(DATASET EXTRACT Opens)

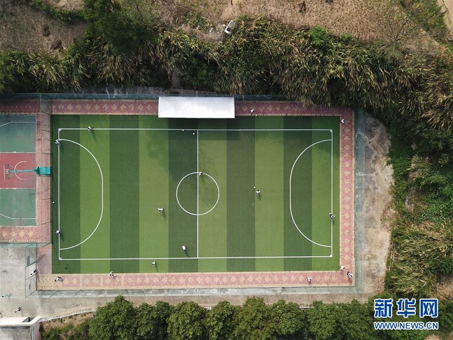 金寨縣希望小學(xué)學(xué)生在上足球課(9月3日無人機(jī)拍攝)。新華社記者劉軍喜攝
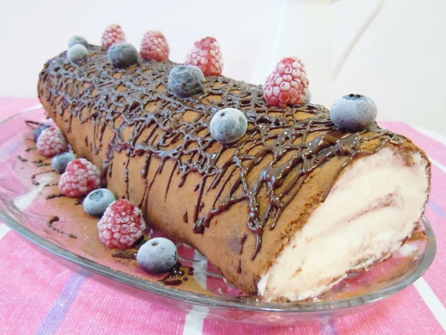 Sacamos el brazo gitano de la nevera, le quitamos el plástico, espolvoreamos cacao en polvo , decoramos como más os guste con el chocolate al libre albedrío y terminamos con la fruta. Listo!!!
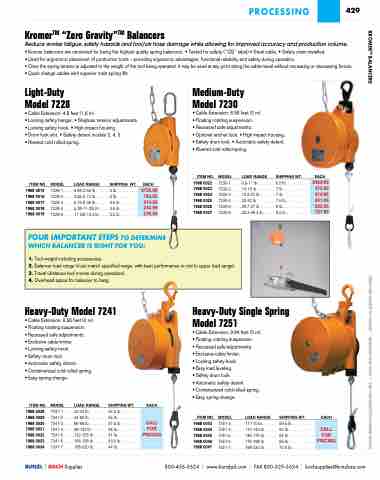 • Once the spring tension is adjusted to the weight of the tool being operated, it may be used at any point along the cable travel without increasing or decreasing forces. • Quick change cables with superior main spring life.
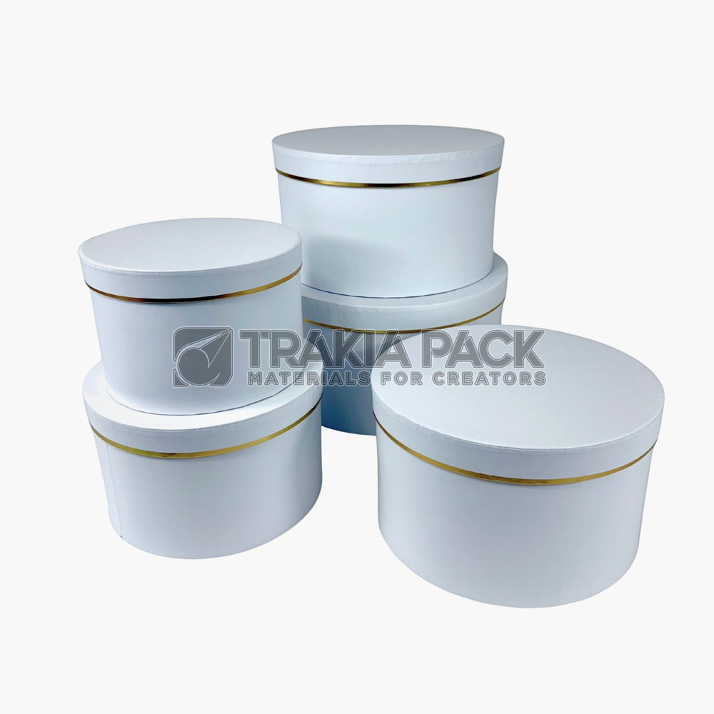 Комплект от 5 броя бели кръгли кутии със златен кант. Идеални за луксозни букети и флорални композиции. Размери: 30x16см; 27x15см; 24x14см; 21x13см; 18x12см.

(DATASET EXTRACT Closes)

**TASK ITEM**
In the data above, the line containing "main spring life." and all lines after it are to be reproduced exactly, leaving out the pictures.

**RESPONSE BOX**
 • Once the spring tension is adjusted to the weight of the tool being operated, it may be used at any point along the cable travel without increasing or decreasing forces. • Quick change cables with superior main spring life.
 Комплект от 5 броя бели кръгли кутии със златен кант. Идеални за луксозни букети и флорални композиции. Размери: 30x16см; 27x15см; 24x14см; 21x13см; 18x12см.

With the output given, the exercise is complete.